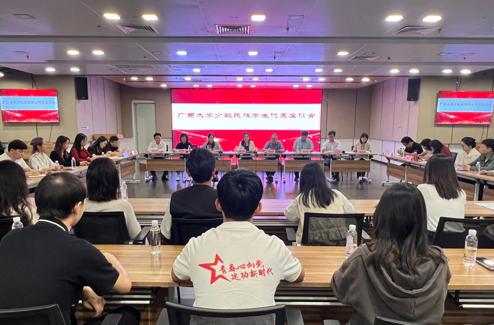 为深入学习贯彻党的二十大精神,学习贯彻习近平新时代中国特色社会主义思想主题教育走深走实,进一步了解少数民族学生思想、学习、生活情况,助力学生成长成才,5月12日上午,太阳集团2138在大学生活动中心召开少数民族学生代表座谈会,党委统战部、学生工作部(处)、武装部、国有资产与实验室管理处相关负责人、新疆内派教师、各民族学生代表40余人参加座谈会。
===
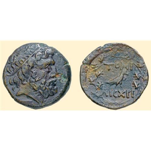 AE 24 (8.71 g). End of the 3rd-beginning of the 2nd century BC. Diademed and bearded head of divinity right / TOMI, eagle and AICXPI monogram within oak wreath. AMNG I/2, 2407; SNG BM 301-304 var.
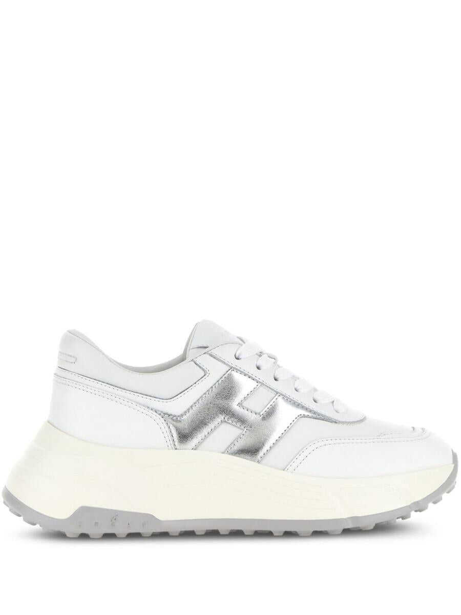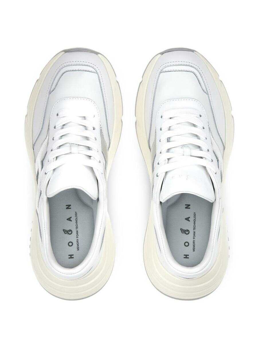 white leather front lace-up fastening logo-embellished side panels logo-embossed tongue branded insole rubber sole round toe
===
__Task details__
Above are the records; restate exactly the lines from the one containing "AE 24 (8.71" through the one containing "white leather front", keeping pictures out.

__Output__
 AE 24 (8.71 g). End of the 3rd-beginning of the 2nd century BC. Diademed and bearded head of divinity right / TOMI, eagle and AICXPI monogram within oak wreath. AMNG I/2, 2407; SNG BM 301-304 var.
 white leather front lace-up fastening logo-embellished side panels logo-embossed tongue branded insole rubber sole round toe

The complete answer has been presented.